Ultrasound (US) is vital to modern emergency medicine (EM). Across residencies, there is marked variability in US training. The "goal-directed focused US" part of the Milestones Project states that trainees must correctly acquire and interpret images to achieve a level 3 milestone. Standardized methods by which programs teach these skills have not been established. Our goal was to determine whether residents could achieve level 3 with or without a dedicated US rotation.

METHODS

Thirty-three first- and second-year residents were assigned to control (no rotation) and intervention (US rotation) groups.
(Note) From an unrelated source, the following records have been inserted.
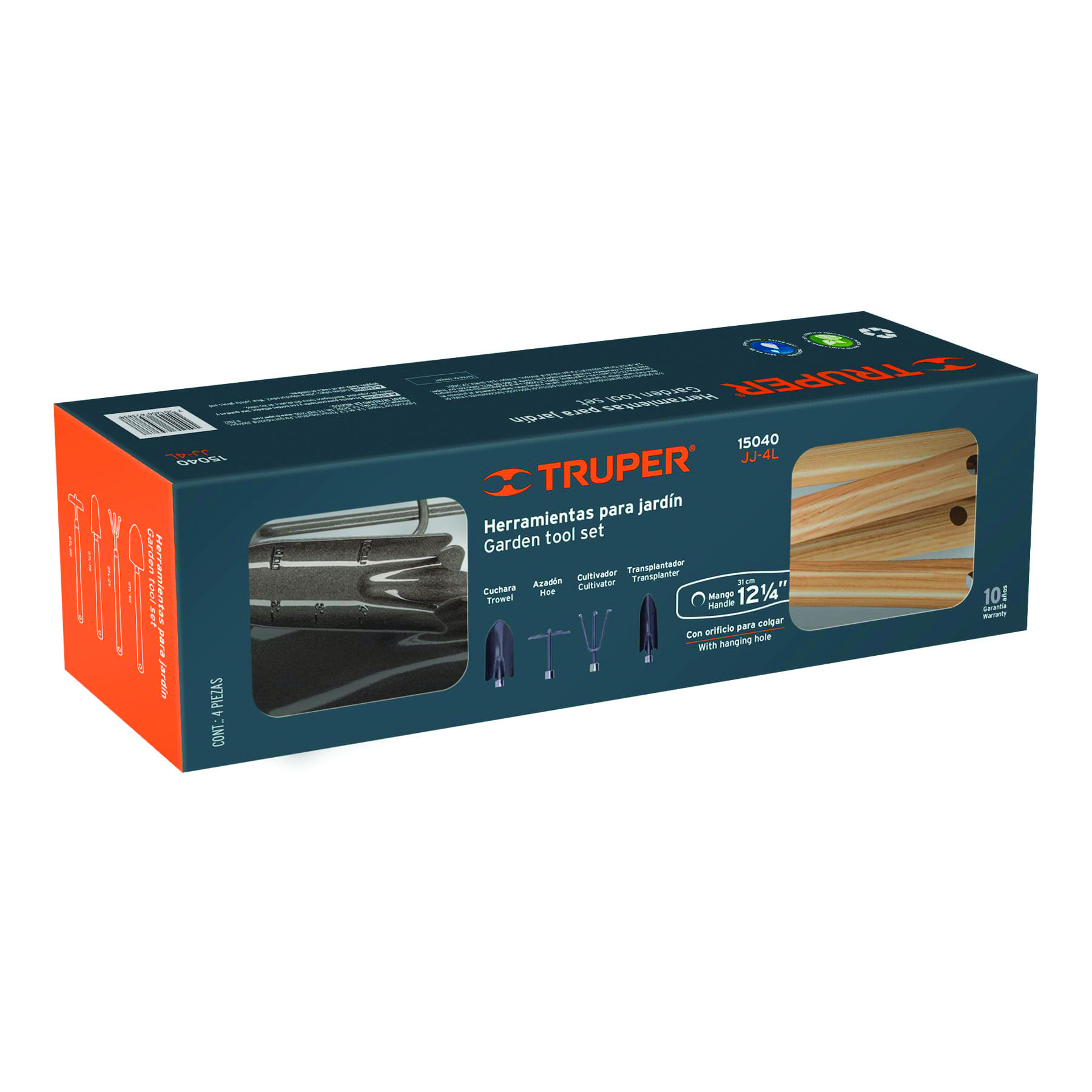 Включва: 1 тясна лопатка за садене; 1 лопатка; 1 мотика; 1 култиватор.
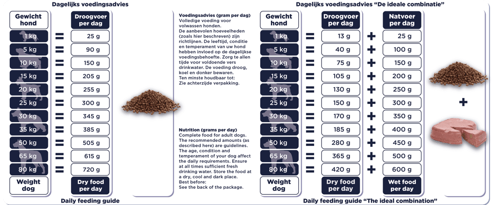 Alle unsere Trockenfuttermittel sind vollwertig, was bedeutet, dass das Futter alle Nährstoffe enthält, die Ihr Hund braucht. Sie können die Brocken mit unseren Frischfleischgerichten kombinieren, sogar in ein und derselben Mahlzeit. Wir empfehlen, wenn möglich, viel in den Geschmacksrichtungen zu variieren. Dies hält das Immunsystem Ihres Hundes aktiv und verringert die Wahrscheinlichkeit, dass Ihr Hund Unverträglichkeiten oder Allergien entwickelt oder sich auf Dauer langweilt. Wir essen auch nicht gerne jeden Tag dasselbe, oder?
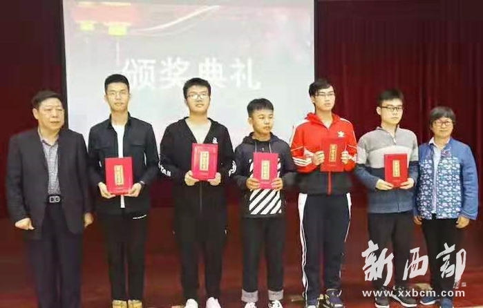 趙浩義副會(huì)長(左一)向獲得一等獎(jiǎng)團(tuán)隊(duì)頒獎(jiǎng)
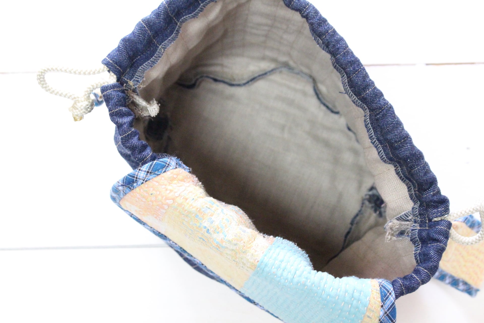 捨てずに置いてあった8ozの児島デニムのはぎれをパッチワーク、リネンを裏打ちしてステッチかけてオリジナルキルト化
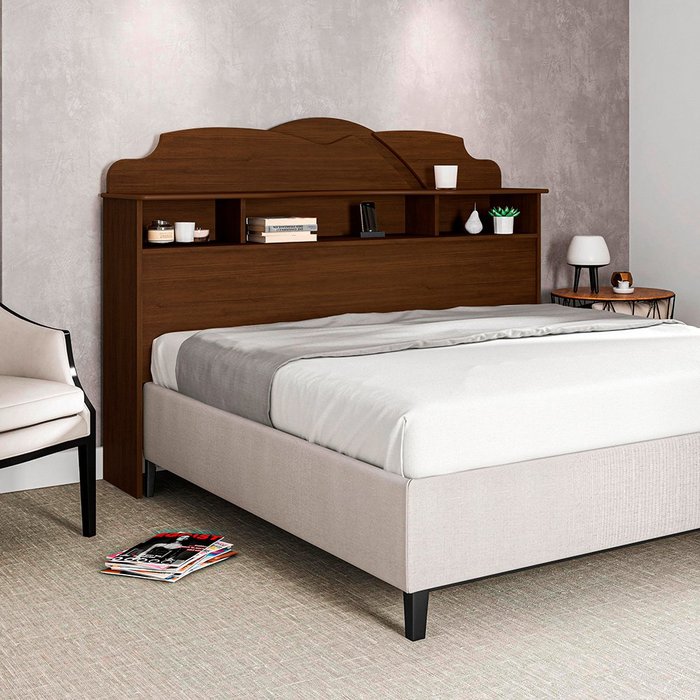 Cabeceira Casal Cama Box 1,40m com Nicho Cristal - Imbuia
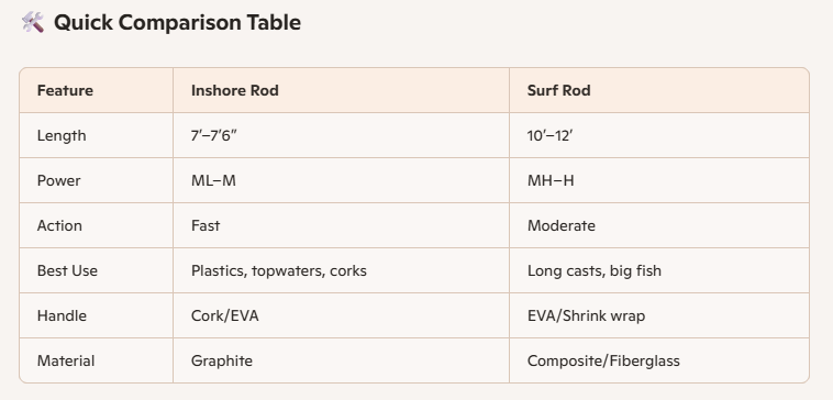 Longer rods, such as 8’ to 10’ surf rods, give you extra distance when you need to launch baits over breaking waves or deep channels. I reach for a 7’ to 7’6” rod for wading bays and flats because this range casts lures far enough while staying manageable throughout a long fishing day.
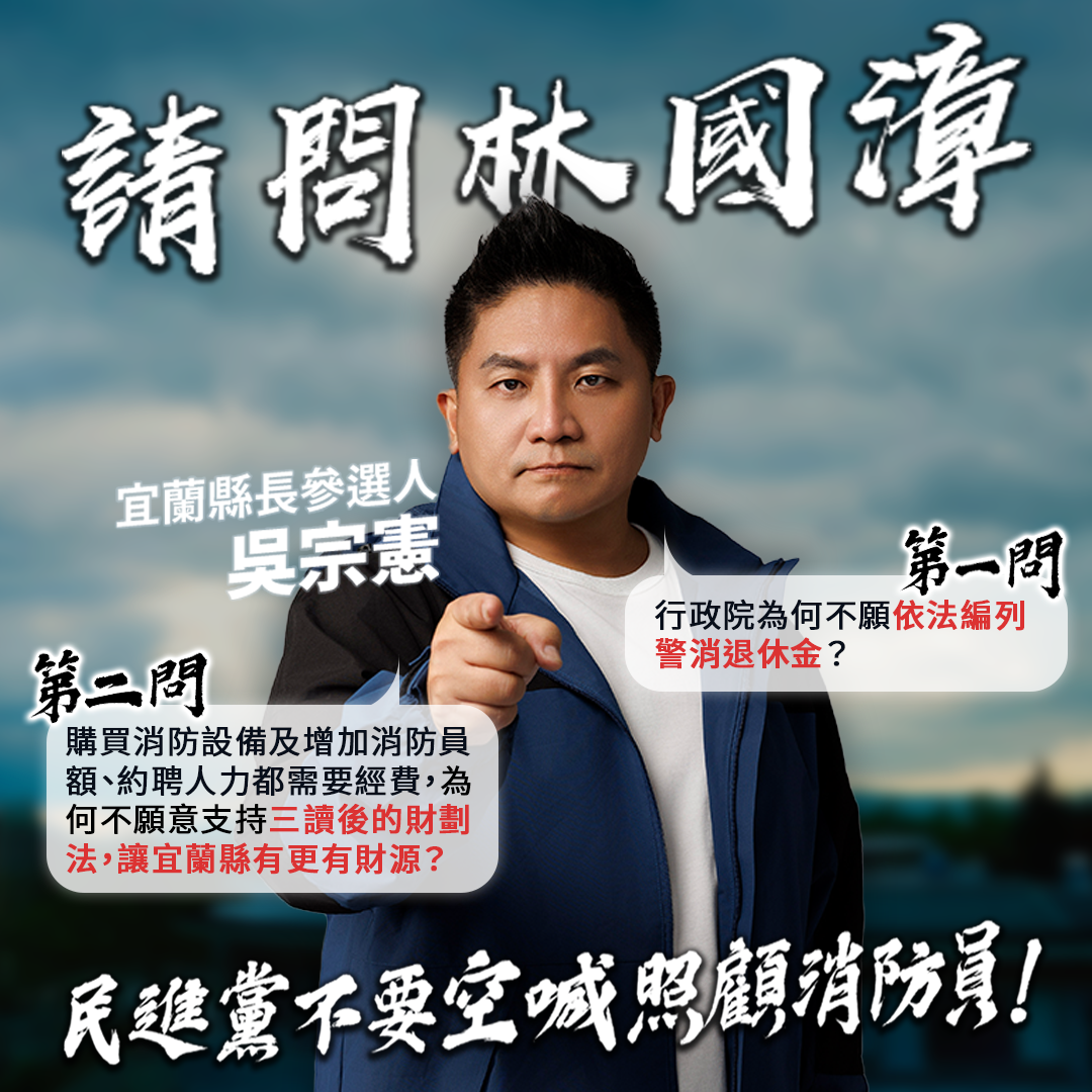 吳宗憲向行政院顧問林國漳提出二個問題,首先,警消退休金行政院為何不願依法編列?其次,無論是補蜂、抓蛇或是購買消防設備及增加消防員額、約聘人力都需要經費,為何不願意支持三讀後的財劃法,讓宜蘭縣政府更有財源來擴充警消設備,以確保執勤時安全?期盼林國漳顧問能發揮關鍵力量,不再讓「有事才找警消」這心酸話繼續出現,我們一同讓宜蘭縣警消工作環境及待遇更好。
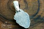 Обратная сторона имеет текстурированную поверхность с декоративным зернением, обеспечивающим выразительный контраст и цельный визуальный стиль изделия. Компактные размеры делают подвеску удобной для ежедневного ношения, а универсальный дизайн гармонично дополняет как повседневный, так и более выразительный образ.
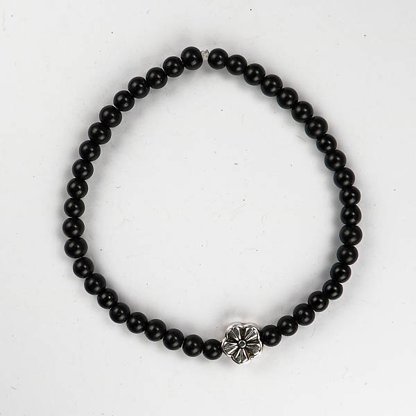 Deze armband is gemaakt met zwarte kraalen en in het midden een leuk bloemetje voor een polsmaat van 17 cm.
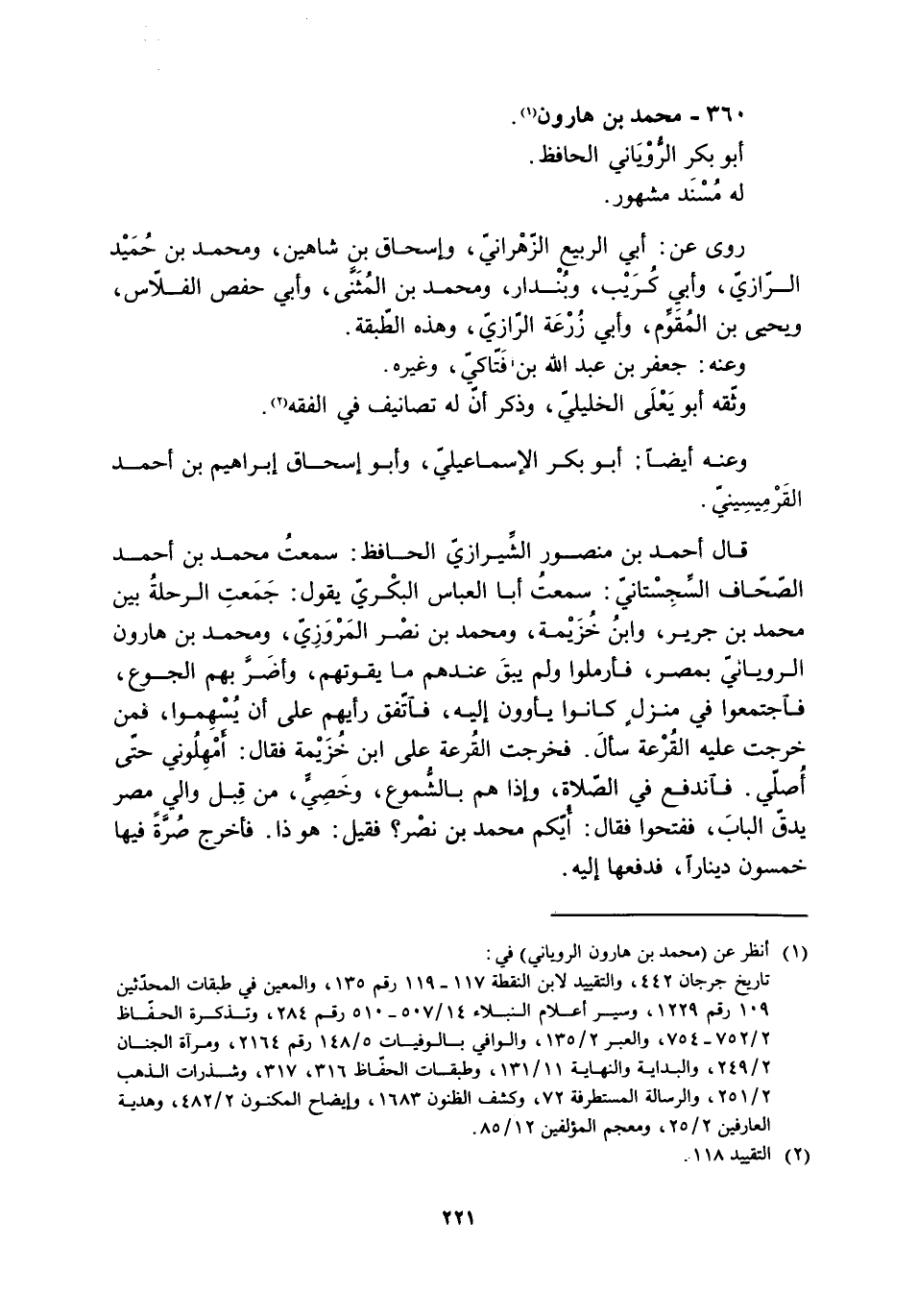 [1] انظر عن (محمد بن هارون الروياني) في:
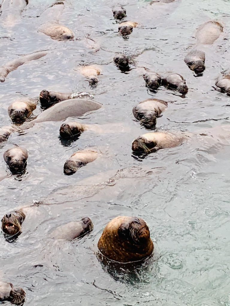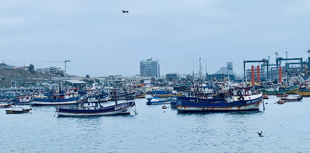 Die Fischerboote liege da nur rum. Kein einziger Fischer darf mehr rausfahren. Alles privatisiert und in der Hand von großen Firmen. Fischen alles leer. Lachse werden hier gezüchtet. Kein natürliches Vorkommen. Es gab mal ein großes Walsterben hier. Weil die Lachse mit Bakterien krank wurden und man sie ins Meer entlassen hat. Wale haben sie gefressen und sind gestorben.
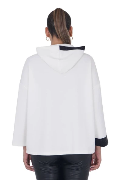 Kadın Büyük Beden Beyaz Taşlı Şık Kapüşonlu Bluz
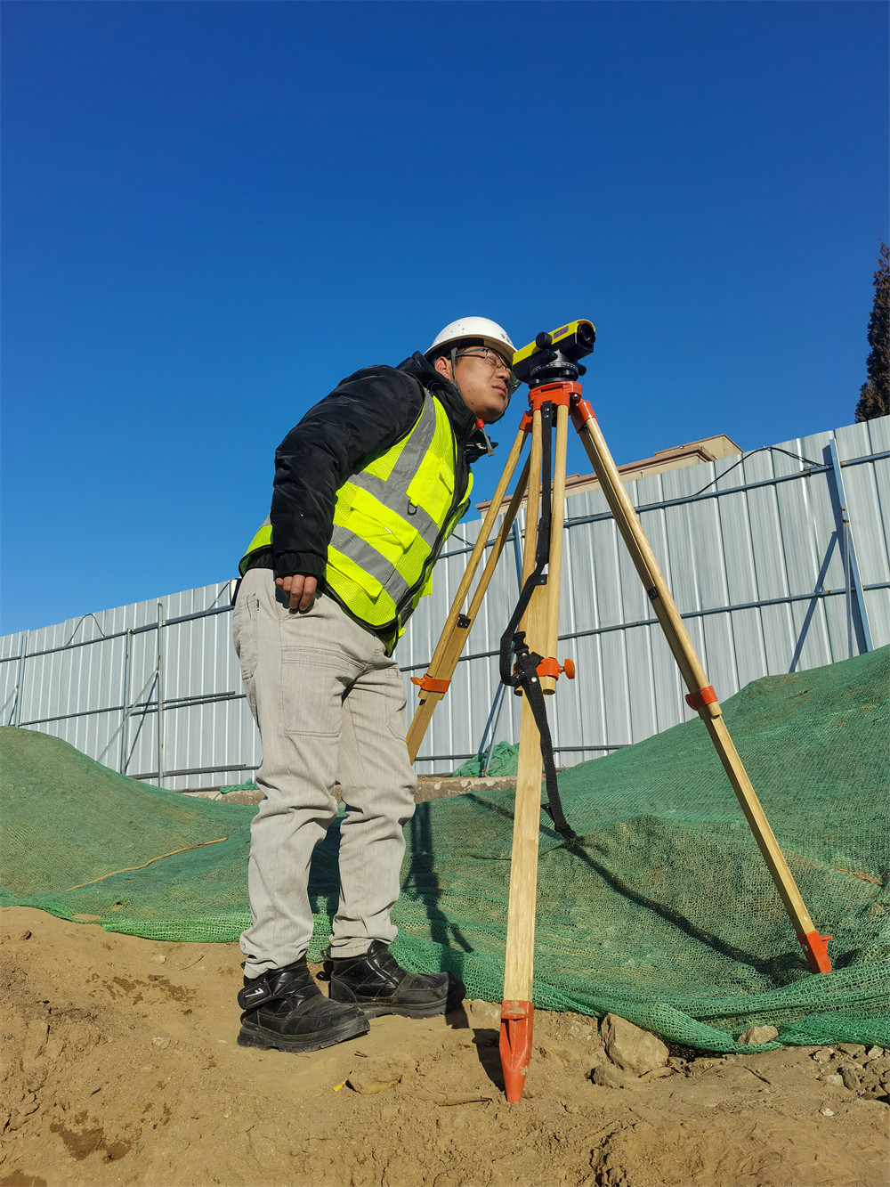“傾心于事業(yè),專(zhuān)注于崗位,以實(shí)際行動(dòng)詮釋愛(ài)崗敬業(yè)!”測量員葉杰站在基坑邊進(jìn)行測量工作。
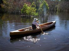 I am nevertheless quite pleased with the Toter's acceptance. As a result, I have designed and built a small canoe called the 'E Z', and today was it's maiden voyage. It performed as expected, no surprises. It is fast in the water and very easy to paddle. Although narrow, it is stable, a function of the shallow V bottom.
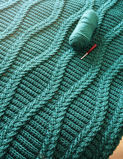 Crochet your own keepsake, whether as a cozy family throw or a thoughtful gift. The diamond cabling makes the blanket look impressive while the repeat rows keep the process calming and satisfying.
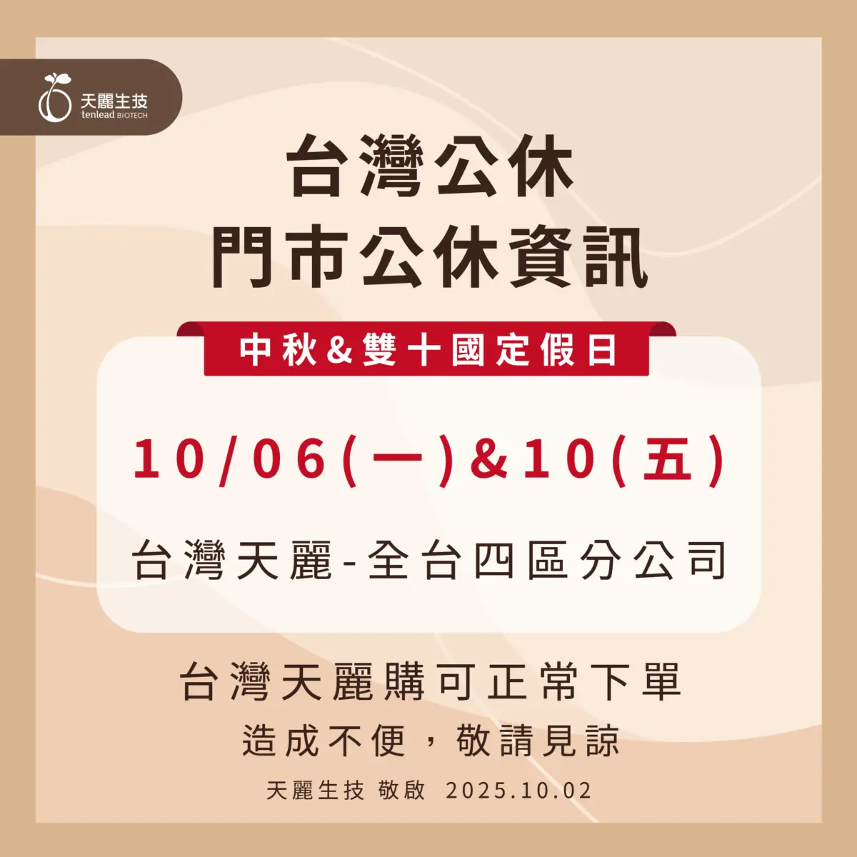 2025中秋&雙十公休公告
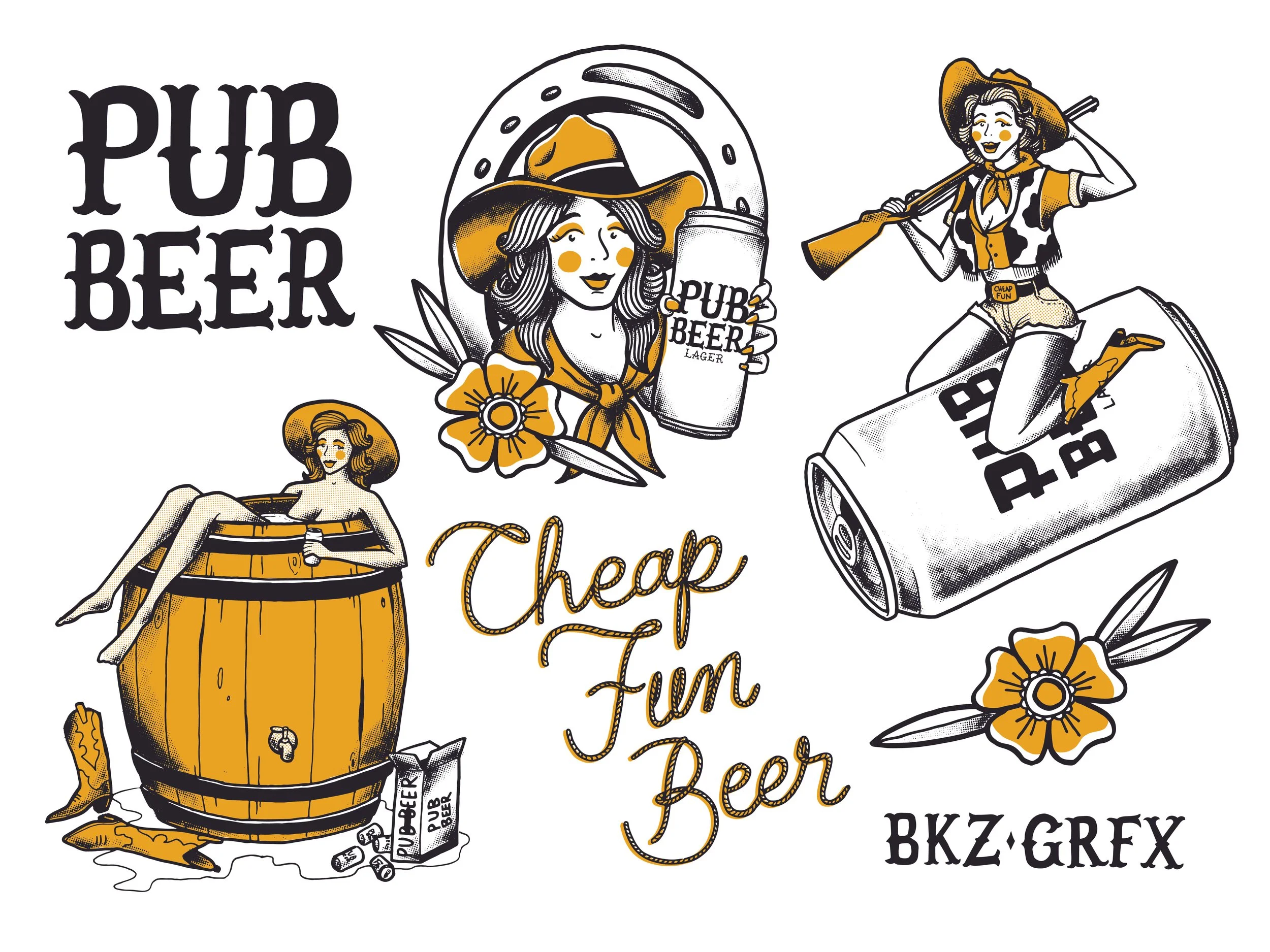 Similar to the Art Lab with Tactics, Pub Beer (10 Barrel Brewing) approached me to make an apparel collection featuring my artistic style. We chose to use a western theme mixed with pin-up girl aesthetic. This pack features 3 main graphics and 2 custom hand drawn wordmarks.

The intervention group underwent a 2-week curriculum in vascular access, the aorta, echocardiography, focused assessment with sonography for trauma, and pregnancy. To test acquisition, US-trained emergency medicine physicians administered an objective structured clinical examination. To test interpretation, residents had to identify normal versus abnormal findings. Mixed-model logistic regression tested the association of a US rotation while controlling for confounders: weeks in the emergency department (ED) as a resident, medical school US rotation, and postgraduate years.

RESULTS

For image acquisition, medical school US rotation and weeks in the ED as a resident were significant (P = .03; P = .04) whereas completion of a US rotation and postgraduate years were not significant. For image interpretation, weeks in the ED as a resident was the only significant predictor of performance (P = .002) whereas completion of a US rotation and medical school US rotation were not significant.

CONCLUSIONS

To achieve a level 3 milestone, weeks in the ED as a resident were significant for mastering image acquisition and interpretation. A dedicated US rotation did not have a significant effect. A medical school US rotation had a significant effect on image acquisition but not interpretation. Further studies are needed to best assess methods to meet US milestones.

摘要

目的

超声(US)对现代急诊医学(EM)至关重要。在各住院医师培训项目中,超声培训存在显著差异。里程碑项目中的“目标导向性聚焦超声”部分指出,学员必须正确获取和解读图像才能达到3级里程碑。尚未建立各项目教授这些技能的标准化方法。我们的目标是确定住院医师在有无专门的超声轮转的情况下是否能够达到3级。

方法

33名一年级和二年级住院医师被分配至对照组(无轮转)和干预组(超声轮转)。干预组接受了为期2周的血管通路、主动脉、超声心动图、创伤超声重点评估和妊娠方面的课程培训。为测试获取能力,接受过超声培训的急诊医学医师进行了客观结构化临床考试。为测试解读能力,住院医师必须识别正常与异常表现。混合模型逻辑回归在控制混杂因素的同时测试了超声轮转的相关性:作为住院医师在急诊科的周数、医学院的超声轮转以及研究生年级。

结果

对于图像获取,医学院的超声轮转和作为住院医师在急诊科的周数具有显著意义(P = 0.03;P = 0.04),而超声轮转的完成情况和研究生年级则无显著意义。对于图像解读,作为住院医师在急诊科的周数是唯一具有显著意义的表现预测因素(P = 0.002),而超声轮转的完成情况和医学院的超声轮转则无显著意义。

结论

为达到3级里程碑,作为住院医师在急诊科的周数对于掌握图像获取和解读具有显著意义。专门的超声轮转没有显著影响。医学院的超声轮转对图像获取有显著影响,但对解读没有影响。需要进一步研究以最佳评估达到超声里程碑的方法。